Image credit: Office of Lindsay Tanner

4 COMMENTS

  1. Its great to see these savings being reinvested, but I wonder how much more could still be saved in these new projects if new approaches to government IT procurement and deployment were used? Also, the emphasis appears to be on infrastructure and big, automation projects – I would like to see even a small percentage of this funding being mandated to be focused on fixing the gaps in public sector technology for supporting collaboration and Gov 2.0, as these in turn will support the overall success of the actual projects described here.

    • I would agree with you, James, on the need for funding to support collaboration and Govt 2.0, but I’m not really sure that these things cost any real money to do — I think it’s more of a mindset shift that needs to occur. Most of the money for the big budget infrastructure projects will go into custom code development, i would say — the sorts of large projects that the Govt is planning — for example, a new passports system — tend to have very specific business rules that they must follow.

      I’m not saying I agree with it — I don’t. I am personally in favour of using off the shelf packages as much as possible. But that seems to be the way it is.
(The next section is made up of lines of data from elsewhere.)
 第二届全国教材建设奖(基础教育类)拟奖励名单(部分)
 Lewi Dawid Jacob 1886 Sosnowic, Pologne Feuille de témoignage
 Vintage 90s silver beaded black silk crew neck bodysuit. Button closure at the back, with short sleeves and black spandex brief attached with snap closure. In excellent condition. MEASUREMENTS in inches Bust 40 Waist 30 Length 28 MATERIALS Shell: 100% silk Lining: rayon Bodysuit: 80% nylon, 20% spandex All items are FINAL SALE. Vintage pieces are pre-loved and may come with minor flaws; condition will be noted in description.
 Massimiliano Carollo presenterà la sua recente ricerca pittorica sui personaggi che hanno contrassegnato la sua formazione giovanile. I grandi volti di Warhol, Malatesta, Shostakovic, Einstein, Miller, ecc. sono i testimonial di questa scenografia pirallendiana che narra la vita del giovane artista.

      If I were in charge of the budget, I would appoint individual Govt 2.0 “champions” inside each department to try and push that cause — it’s only when people have individual responsibility for things that stuff like this gets up, IMHO.
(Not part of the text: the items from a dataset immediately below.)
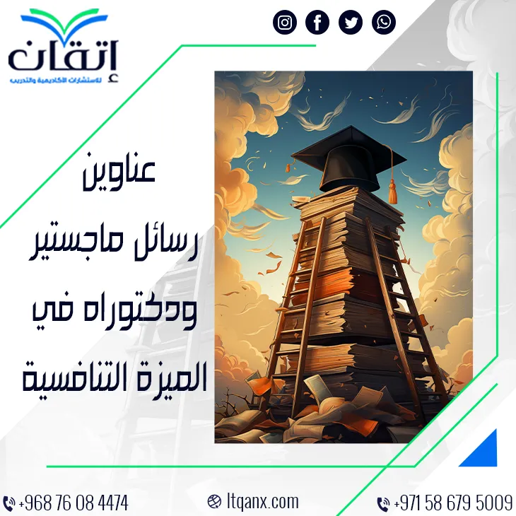 في الختام، إن البحث في الميزة التنافسية هو أكثر من دراسة، إنه رحلة نحو فهم أسرار الريادة، وصناعة المستقبل في بيئة تنافسية متغيرة، ومع قائمتنا الحصرية التي تضم أحدث عناوين رسائل ماجستير ودكتوراه في الميزة التنافسية نفتح أمامك أفقًا لا حدود له من الإبداع الأكاديمي والتطبيق العملي، إننا في شركة إتقان للاستشارات الأكاديمية والتدريب لا نقدم عناوين فقط بل نصنع فرصًا علمية تبني لك مسارًا بحثيًا استثنائيًا، ومن خلال بوابة التميز الأكاديمية يصبح الوصول إلى القمة أقرب مما تتخيل، وكل ما عليك هو التواصل معنا عبر الواتساب لتبدأ رحلة مليئة بالتحدي والإنجاز مع فريقنا المبدع، ومع إتقان التفوق ليس خيارًا بل هو أسلوب حياة.
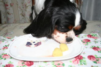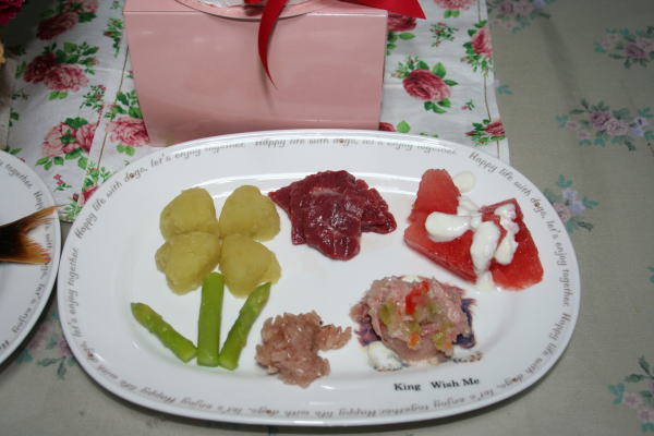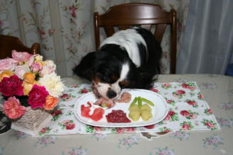 | アレルギー体質のウィちゃんは日ごろは医療用のドッグフードを食べております。 特別な日だけの食事です。 |
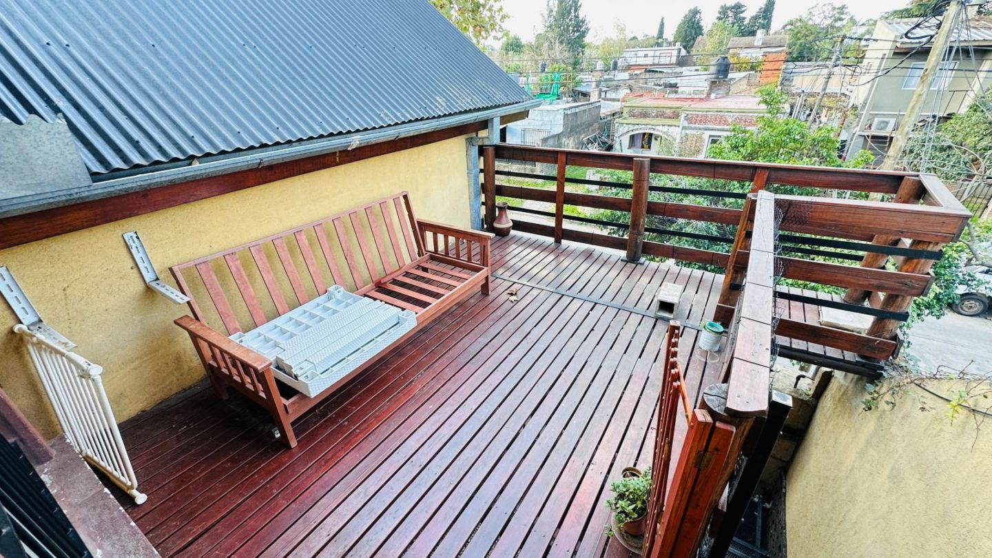 DEPARTAMENTO 2 AMBIENTES DE APROX 55M2 EN PLANTA ALTA, TIPO PH. CUENTA CON LIVING COMEDOR CON COCINA INTEGRADA CON AMOBLAMIENTO DE BAJO MESADA Y ALACENA, UN DORMITORIO CON PLACARD E INTERIOR DE PLACARD, PLAYROOM PEQUEÑO, UN BAÑO COMPLETO CON DUCHA, TERRAZA CON DECK.
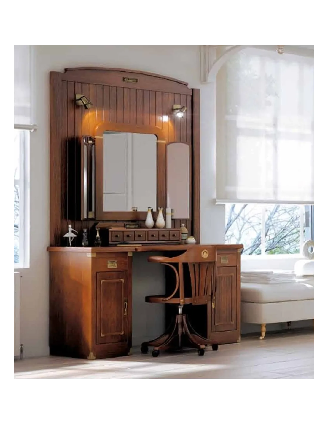 Esta mesa tocador Camarote tiene unos acabados pulimentados y barnizados de primera calidad, con la posibilidad de elegir entre blanco decapado, nogal claro y nogal naútico, con los detalles del mueble y herrajes de latón pulido.
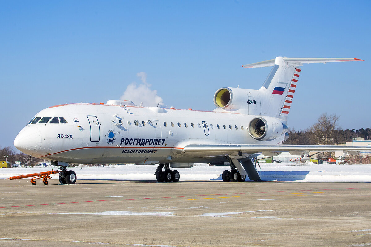 Самолет-лаборатория Як-42Д «Росгидромет» RA-42440 (заводской номер 45204224210018 и серийный 18-10) был выпущен как стандартный пассажирский Як-42 на Саратовском авиазаводе в 2002 году.
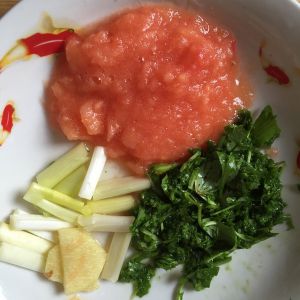 西红柿热水烫过放入搅拌机打碎,荠菜洗净打碎。葱切段。PS:姜是用来做成人饭菜用的,小宝宝并不适合吃。
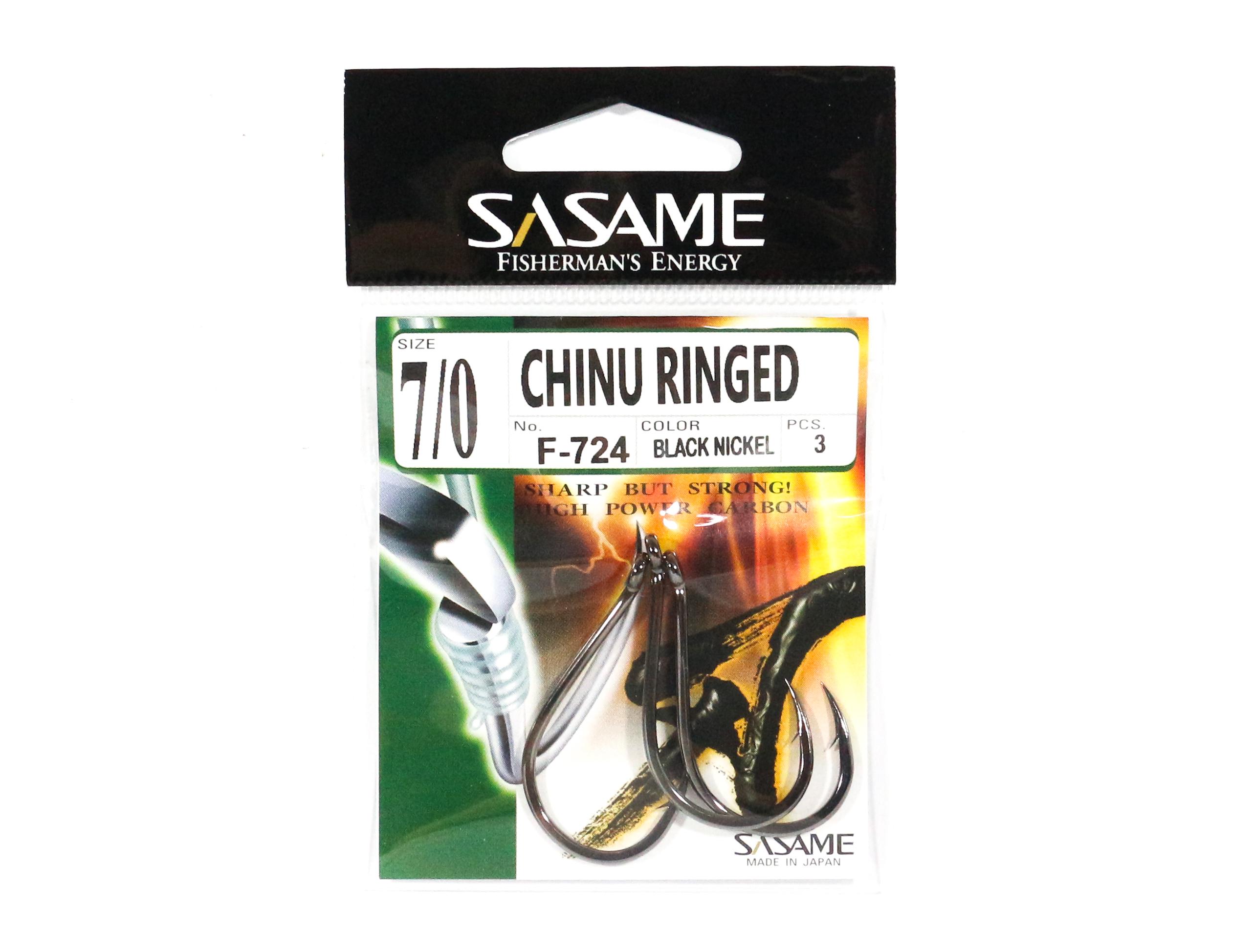 Офсетный крючок Sasame F-724 Chinu с кольцом, черный, размер 7/0 (1256)
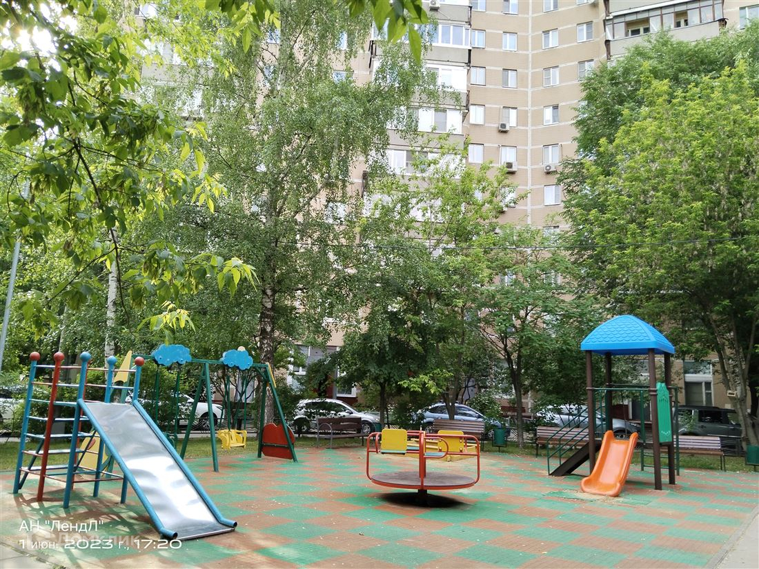 Дом огорожен шлагбаумом с двух сторон, во дворе имеется детская площадка и тренажеры для взрослых, скамейки для отдыха и для машин есть парковочные места.

      • I think you might be surprised how much of that cash will be effectively wasted on the procurement process, designing the solution architecture, business analysis, project management, change management, training, etc, and of course, just plain old time wasting because of re-work, an inability to make a decision or get all the right people in the room at the same time. In reality, coding will make up very little of the activity. Then there are the high than normal support costs that follow immediately as they try to bed in the solution.
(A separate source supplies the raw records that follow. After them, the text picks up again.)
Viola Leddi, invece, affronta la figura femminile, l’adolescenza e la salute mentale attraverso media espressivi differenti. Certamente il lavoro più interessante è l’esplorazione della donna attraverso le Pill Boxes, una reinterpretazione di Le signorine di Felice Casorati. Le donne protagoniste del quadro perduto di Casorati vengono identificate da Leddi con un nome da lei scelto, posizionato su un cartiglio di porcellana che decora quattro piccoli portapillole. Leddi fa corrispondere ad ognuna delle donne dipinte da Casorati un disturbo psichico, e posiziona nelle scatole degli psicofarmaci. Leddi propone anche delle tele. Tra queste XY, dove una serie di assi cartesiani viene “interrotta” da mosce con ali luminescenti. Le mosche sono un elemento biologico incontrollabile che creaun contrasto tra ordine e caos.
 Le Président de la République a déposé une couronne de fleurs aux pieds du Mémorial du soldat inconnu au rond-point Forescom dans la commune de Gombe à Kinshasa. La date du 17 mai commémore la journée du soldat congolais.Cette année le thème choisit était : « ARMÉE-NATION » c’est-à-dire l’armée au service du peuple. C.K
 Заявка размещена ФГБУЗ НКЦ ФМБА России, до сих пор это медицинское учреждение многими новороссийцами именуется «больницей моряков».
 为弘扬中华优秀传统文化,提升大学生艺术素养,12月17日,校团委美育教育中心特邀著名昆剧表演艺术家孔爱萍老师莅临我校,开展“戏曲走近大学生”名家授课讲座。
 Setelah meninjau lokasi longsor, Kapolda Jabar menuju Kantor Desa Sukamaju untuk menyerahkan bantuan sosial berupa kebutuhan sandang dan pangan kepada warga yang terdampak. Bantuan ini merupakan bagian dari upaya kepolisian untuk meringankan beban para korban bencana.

        I noticed one agency has $100,000 for a DMS. Just my two cents worth, but they could get a whole DMS+ collaboration platform for that, but I suspect all they’ll get is some clunky EDRMS that after 6 months no one uses.

        • True … the red tape in government is extraordinary. However, I wouldn’t say that money spent on project management would be a waste — after all, so many government IT projects have gone sour or completely failed because of poor project management setups.

          I agree though, that a core problem is in the decision-making capability. I’m a strong believer (and implementing this philosophy in my own business and with the Delimiter publication) in the idea of the intelligent, benevolent dictator, who brings central control and stability for an overall project, but also is flexible enough to listen to ideas and so on.

          Leadership. Not committees.